阅读说明：本技术 一种辐照发泡制备远红外理疗贴的方法 (Method for preparing far infrared physiotherapy plaster by irradiation foaming ) 是由 郑庆信 李倩 武传业 林强 肖峰 于 2021-07-21 设计创作，主要内容包括：本发明涉及辐照合成药用器械理疗贴敷片状材料技术领域,尤其涉及一种辐照发泡制备远红外理疗贴的方法。该种远红外理疗贴制备方法包括以下步骤：S1、塑胶原料、发泡剂、助剂和陶瓷粉混合,投入密炼机中炼成均质胶球；S2、将S1的胶球在开炼机上塑炼包辊,加入氧化锌,打三角包工艺均匀开炼成片材；S3、将S2的片材经电子加速器射线辐照成交联片材；S4、将S3的交联片材经平板硫化机加热成为发泡片材；S5、将S4的发泡片材单面涂覆压敏胶,并覆盖离型膜成自粘型片材；S6、将S5制成的自粘片材切割成为固定形状的发泡的自粘型远红外理疗贴。本发明的有益之处：为材料发泡提供工艺保障、柔软弹性好、粘接强度高。(The invention relates to the technical field of irradiation synthesis medical instrument physical therapy patch sheet materials, in particular to a method for preparing a far infrared physical therapy patch by irradiation foaming. The preparation method of the far infrared physiotherapy plaster comprises the following steps: s1, mixing the plastic raw material, the foaming agent, the auxiliary agent and the ceramic powder, and putting the mixture into an internal mixer to be mixed into homogeneous rubber balls; s2, plasticating the rubber balls of S1 on an open mill for wrapping rollers, adding zinc oxide, and uniformly milling into sheets by a triangular wrapping process; s3, irradiating the sheet material of S2 into a cross-linked sheet material by electron accelerator rays; s4, heating the cross-linked sheet of S3 by a flat vulcanizing machine to form a foamed sheet; s5, coating a pressure-sensitive adhesive on one side of the foaming sheet of S4, and covering a release film to form a self-adhesive sheet; s6, cutting the self-adhesive sheet material made in the S5 into a foamed self-adhesive far infrared physiotherapy plaster with a fixed shape.

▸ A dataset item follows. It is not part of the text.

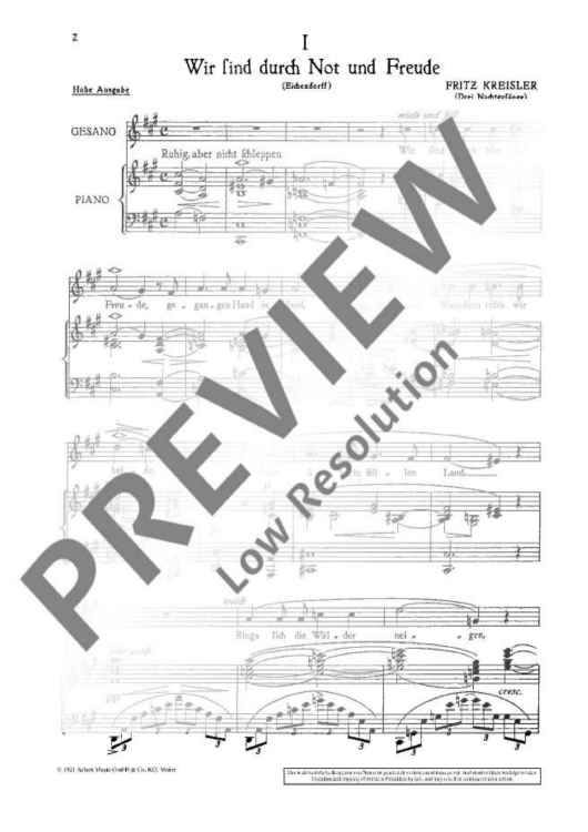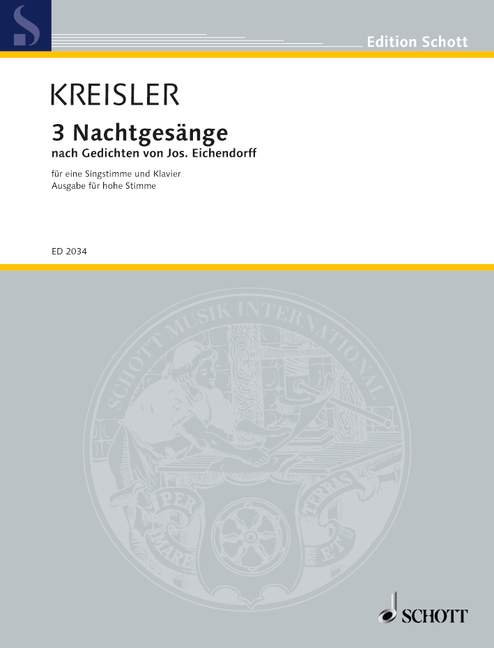 Digital Sheet Music for 3 Nachtgesänge by Fritz Kreisler scored for Voice And Piano; id:472556

The invention has the advantages that: provides process guarantee for material foaming, and has good softness and elasticity and high bonding strength.)

1. A method for preparing a far infrared physiotherapy patch by irradiation foaming is characterized in that: the preparation method of the far infrared physiotherapy plaster comprises the following steps:

s1, mixing the plastic raw material, the foaming agent, the auxiliary agent and the ceramic powder, and putting the mixture into an internal mixer to be mixed into homogeneous rubber balls;

s2, plasticating the rubber balls of S1 on an open mill for wrapping rollers, adding zinc oxide, and uniformly milling into sheets by a triangular wrapping process;

s3, irradiating the sheet material of S2 into a cross-linked sheet material by electron accelerator rays;

s4, heating the cross-linked sheet of S3 by a flat vulcanizing machine to form a foamed sheet;

s5, coating a pressure-sensitive adhesive on one side of the foaming sheet of S4, and covering a release film to form a self-adhesive sheet;

s6, cutting the self-adhesive sheet material made in the S5 into a foamed self-adhesive far infrared physiotherapy plaster with a fixed shape.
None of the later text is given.